Friday, August 15, 2008

Yay Lizzy. We are so proud of you, your mom, grandma and grandpa!!

Elizabeth is beating the odds

By Peg Reynolds, Staff Reporter
Published: Friday, August 15, 2008 1:28 PM CDT
E-mail this story | Print this page
Pontiac Fire Department will “Fill the Boot” again this weekend to help Jerry’s Kids who are afflicted with muscular dystrophy. The firemen will be accepting donations between 10 a.m. and 1 p.m. Saturday at Pontiac Wal-Mart and Sunday at Big R. With the firemen is Elizabeth Hallam, of Pontiac, the Goodwill Ambassador for the MDA for Central Illinois. She suffers from spinal muscular atrophy type 1. Firemen from left are Scott Runyon, Todd Gould, Andy Vitzthum and Jace Weaver. (Photo provided)

There is a 4 1/2-year-old Pontiac girl who is surpassing a doctor’s prognosis of not celebrating her second birthday.

Elizabeth Lee Hallam, born Sept. 29, 2003, was diagnosed with SMA (spinal muscular atrophy) type 1 on May 11, 2004. Her parents, Christen Huette and Brandon Hallam, learned that this was the number one genetic killer of children under the age of two.

SMA is a group of inherited and sometimes fatal diseases that destroys the nerves controlling voluntary movement. This affects crawling, walking, head and neck control and even swallowing.

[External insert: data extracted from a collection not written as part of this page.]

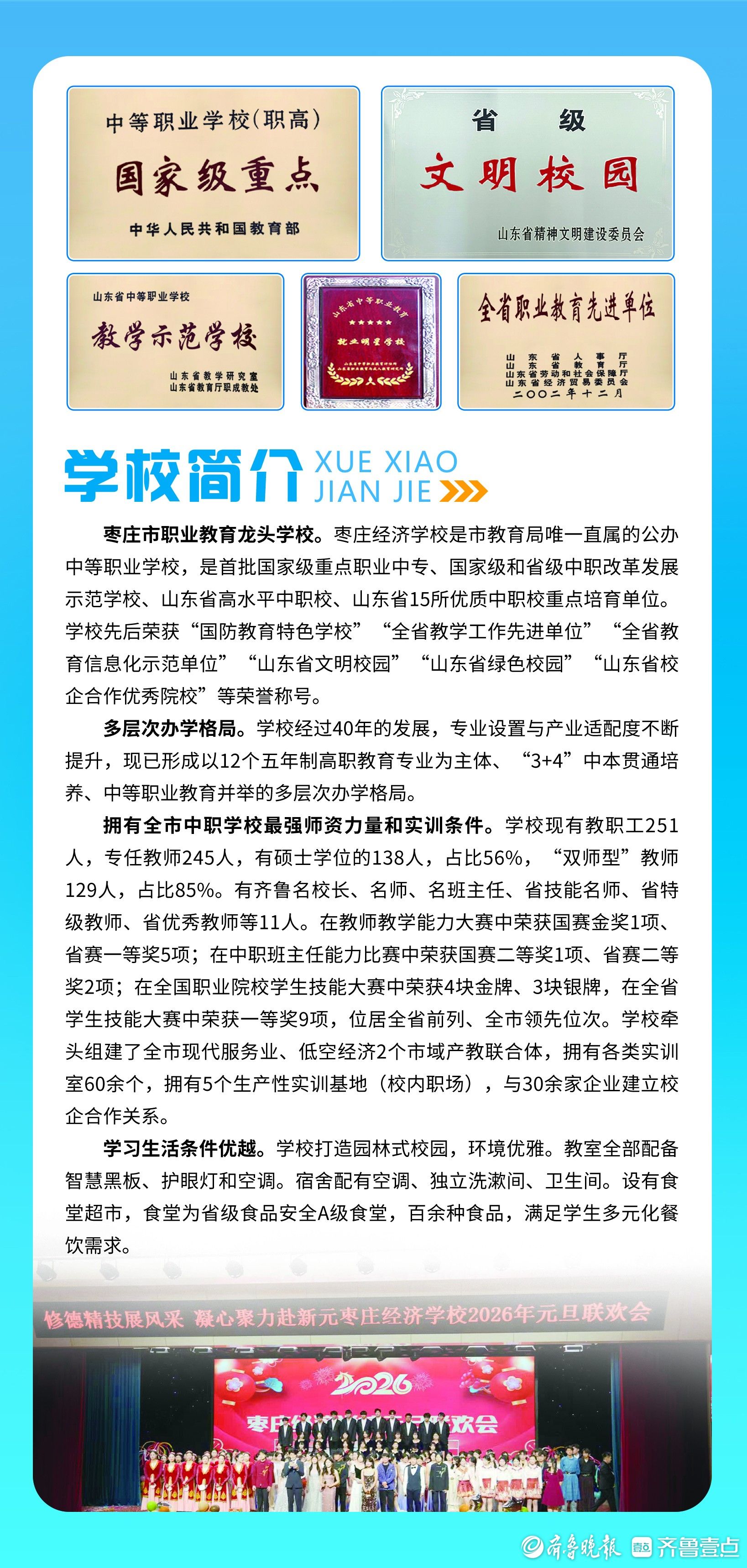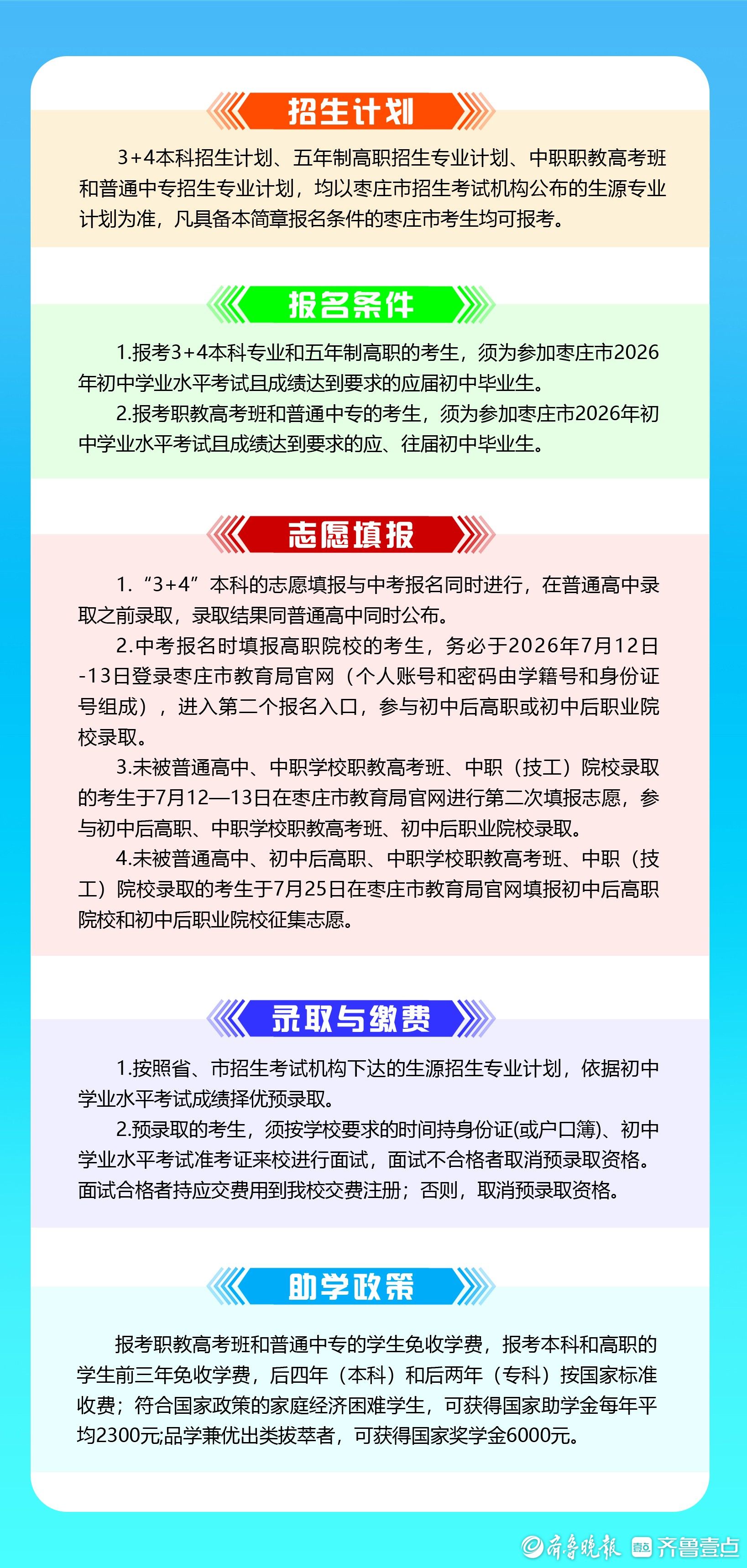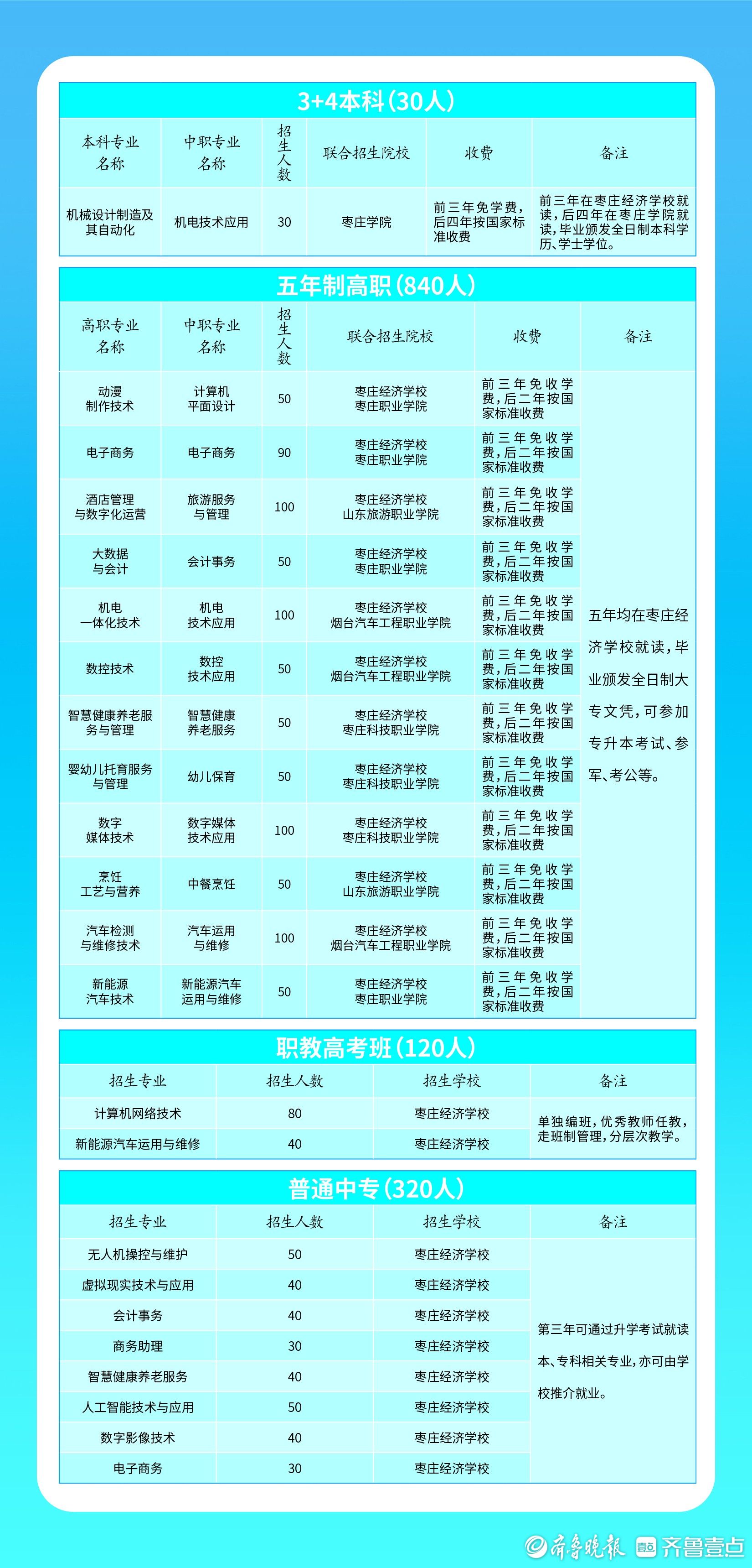 4月8日,枣庄经济学校2026年招生简章发布,计划招生1310人,其中“3+4”中本贯通专业招收30人,本科衔接枣庄学院。值得注意的是,"3+4"本科的志愿填报与中考报名同时进行,在普通高中录取之前录取,录取结果同普通高中同时公布。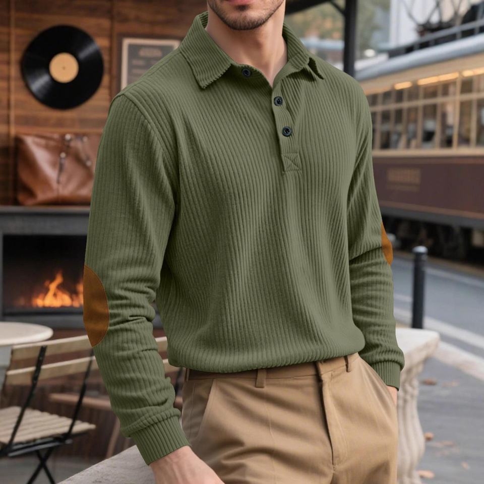 Pull-over en velours côtelé à col polo pour homme, boutonné, pour l'automne et l'hiver, transfrontalier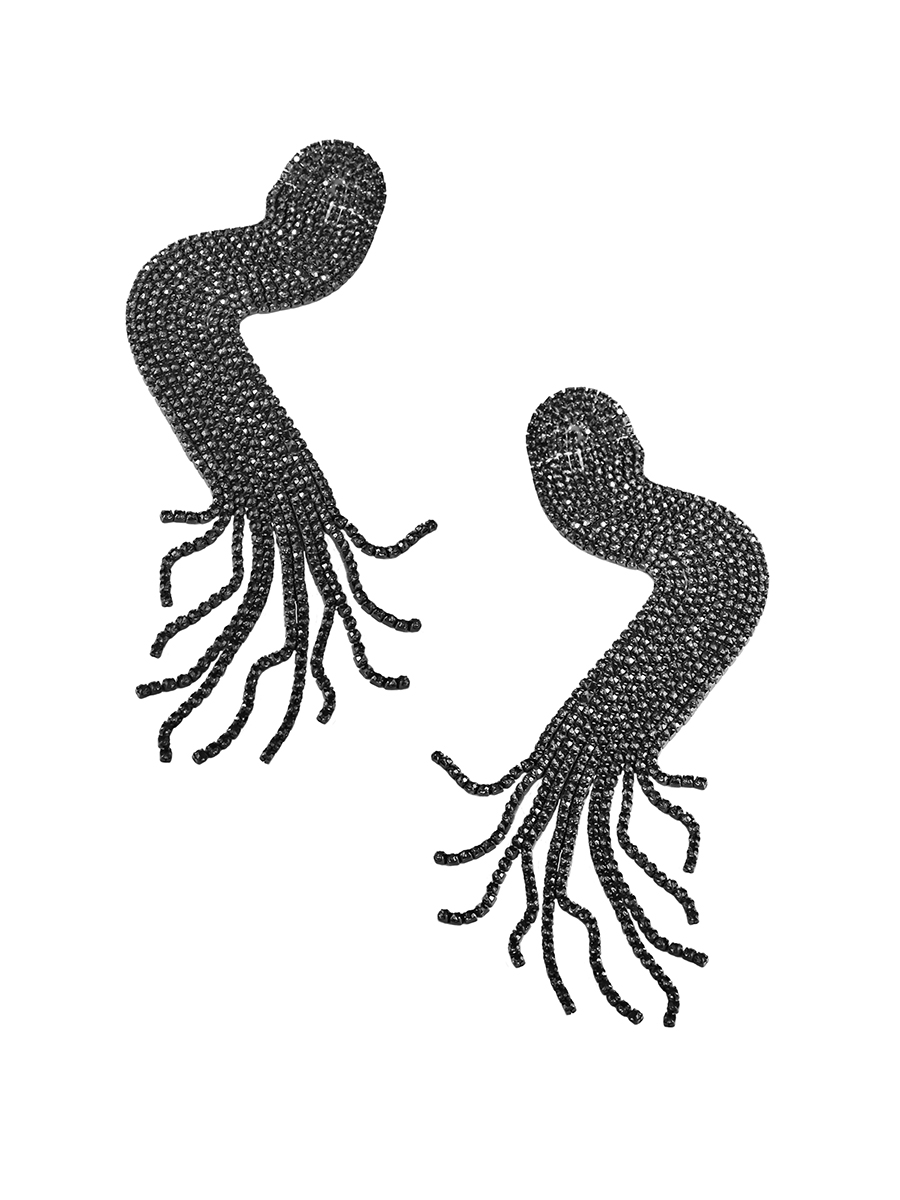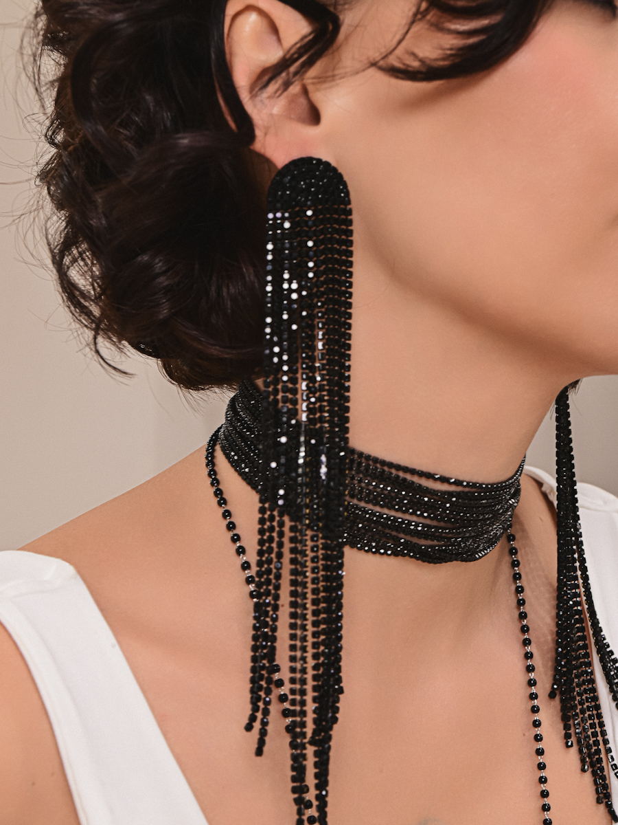 Мерцающие удлиненные серьги Черный Ювелирный сплав, кристаллы купить в интернет магазине Kalinka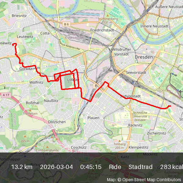 | 2026-03-18 17:07 | 9.3 | 0:44:06 | Stadtrad | Ride |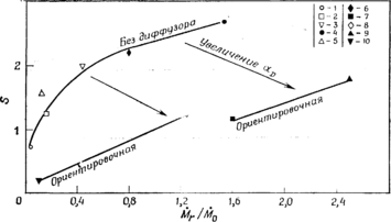 Тип закручивающего устройства (за исключением лопаточного завихрителя без втулки) и наличие соосных трубок для подвода топлива или форсунок, по-видимому, не влияют на характер связи. Для устройств с цилиндрической выходной частью представленные данные можно описать зависимостью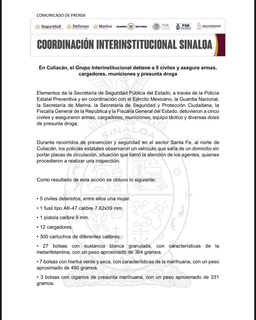En Culiacán, el Grupo Interinstitucional detiene a 5 civiles y asegura armas, cargadores, municiones y presunta droga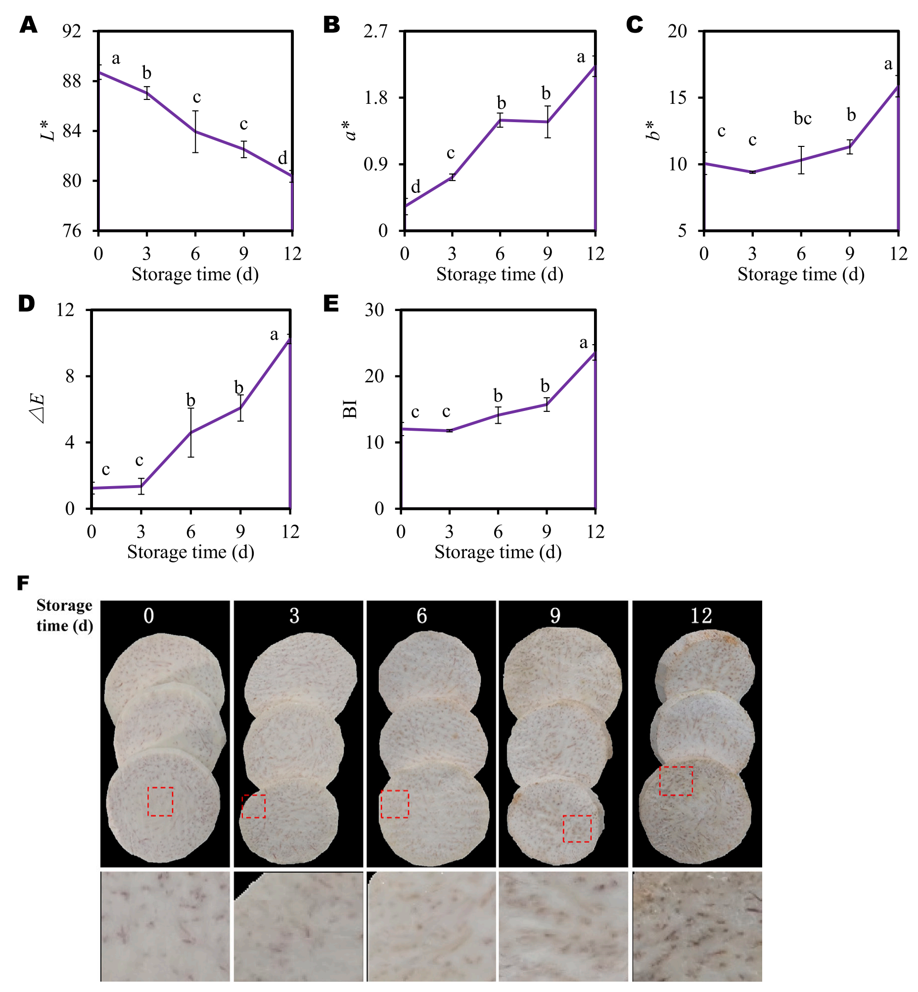 芋片切面顏色隨貯藏時間的變化如圖1A所示。切面L*值從0 d時的88.72下降到12 d時的80.36,冷藏12 d后L*值下降了9%(圖1A)。芋頭切片表面的a*、b*、△E和BI值在冷藏過程中也表現(xiàn)出類似的變化趨勢(圖1B-E)。這些褐變指標隨著貯藏時間的延長而增加。冷藏12 d后,a*、b*、△E和BI值分別比0 d增加了582%、58%、725%和19%(圖1B-E)。宏觀褐變癥狀在第6天首次出現(xiàn),并在隨后的儲存過程中逐漸加劇(圖1F)。綜上所述,這些結果表明,即使在低溫(4℃)條件下,切片芋頭在儲存過程中也會發(fā)生褐變。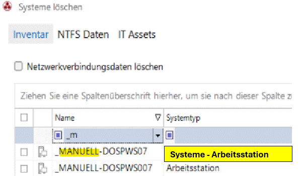 In Spalte „Systemtyp“ Type umdefinieren in „Systeme & „SystemType“ für manuell erfasste Systeme. siehe Abbildung 03..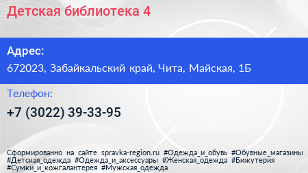 Детская библиотека №4 по адресу 672023, Забайкальский край, Чита, Майская, 1Б в дальнейшем Организация, размещена в следующих категориях: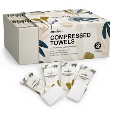 Ourmed Life Compressed Towel Tablets – Portable, Individually Wrapped Disposable Face Towels, Quickly Expand with Water, Soft & Lint-Free, 12‘’x10‘’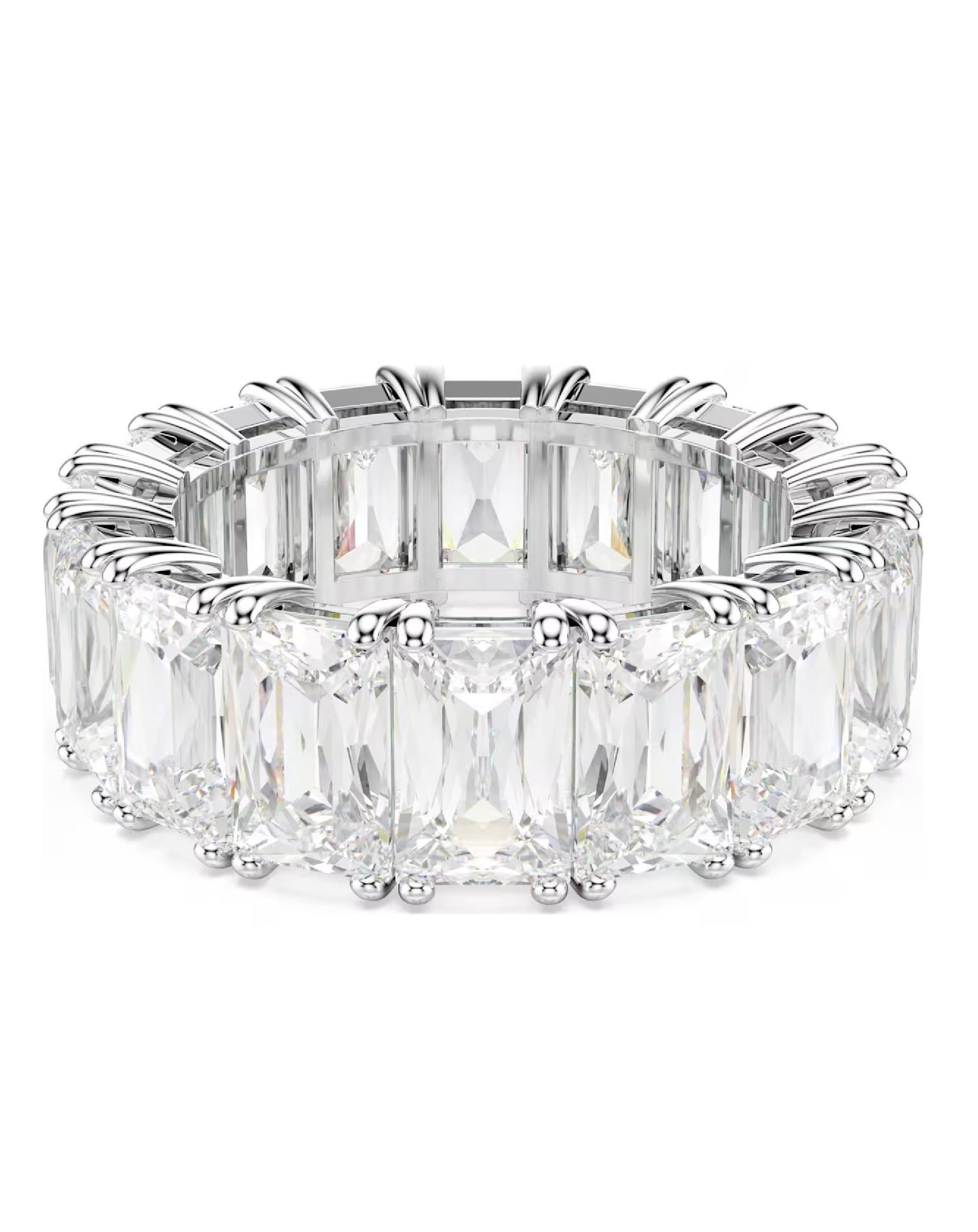 A striking, elegant look distinguishes this Swarovski ring. A row of gleaming white stones, cut into a faceted, rectangular shape, lends it an air of refined simplicity. The unbroken line of sparkling stones defines the character of the design and matches well with equally elegant pieces of jewelry, especially other rings to create an attractive and on-trend stacking look. A great match for special occasions, and an inspired gift giving idea.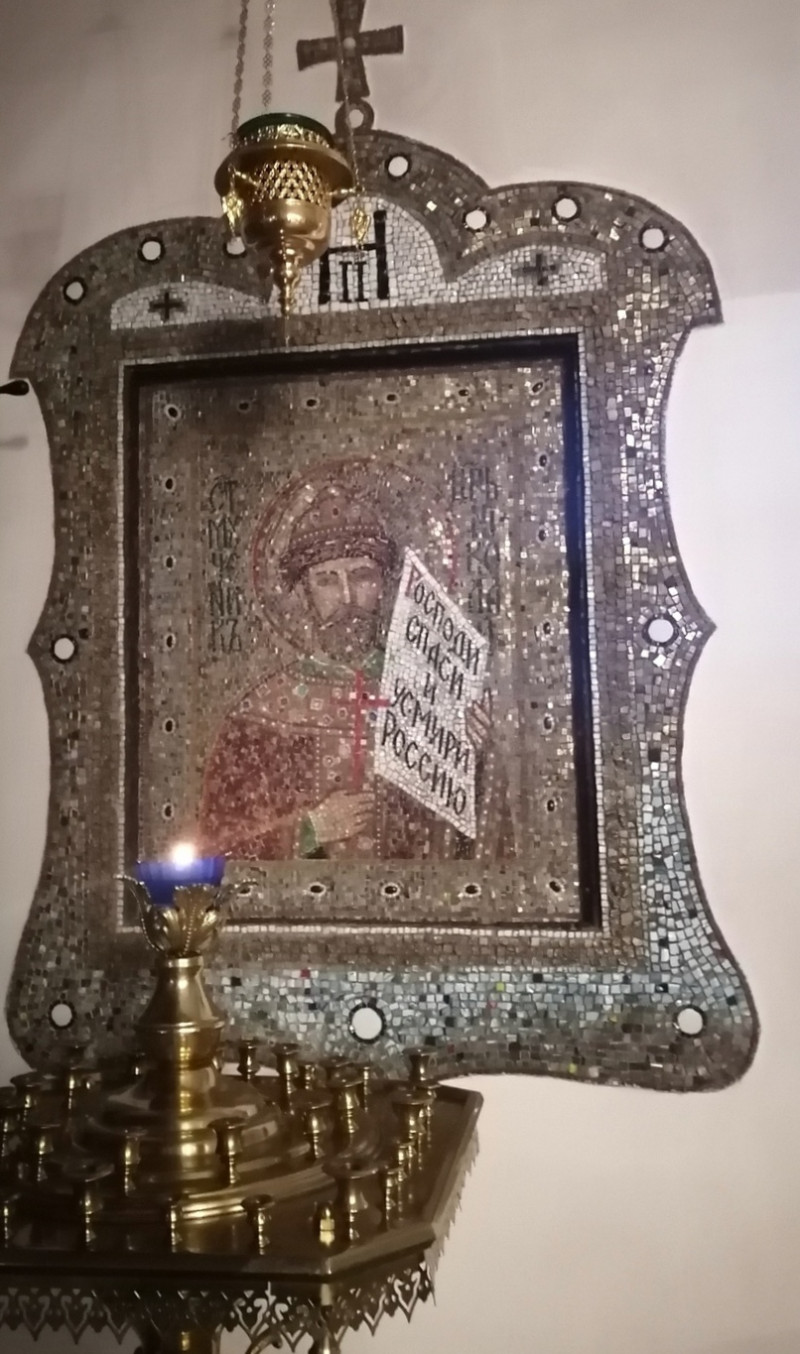 Что касается непосредственно мозаики, то, к сожалению, ничего в интернете не нашла, даже фоток. Могу только упомянуть надпись на иконе.

Two months after Elizabeth was diagnosed, she was placed in a clinical study at Stanford, Calif. The study is funded by MDA, but the cost of the trip, their lodging and Elizabeth’s medication, which costs between $200 and $300 a month, are not. The mother and daughter must travel to the California hospital every four months for follow-ups.

“It’s hard to get the money, but we do it for Lizzy,” Huette said.

They discovered early in the study that Elizabeth was not on a placebo, but was taking the medication hydrozyurea, which was developed by Dr. Ching Wang.

“Her movement increased after taking the medication for two weeks,” said her mother. “When she was first diagnosed, she didn’t move the bottom part of her body at all. She was moving her legs, starting to bend her legs while laying flat on the floor, and she looked like she had more energy.”

Elizabeth started to lose her ability to swallow after a case of strep throat soon after their first trip to Stanford.

“She got really ill and would gag when eating or refused to eat at all. Our doctor's nurse told me, ‘There is nothing more doctor can do for Elizabeth.’ Their opinions have since changed because of how well Elizabeth has been doing for the past three years.”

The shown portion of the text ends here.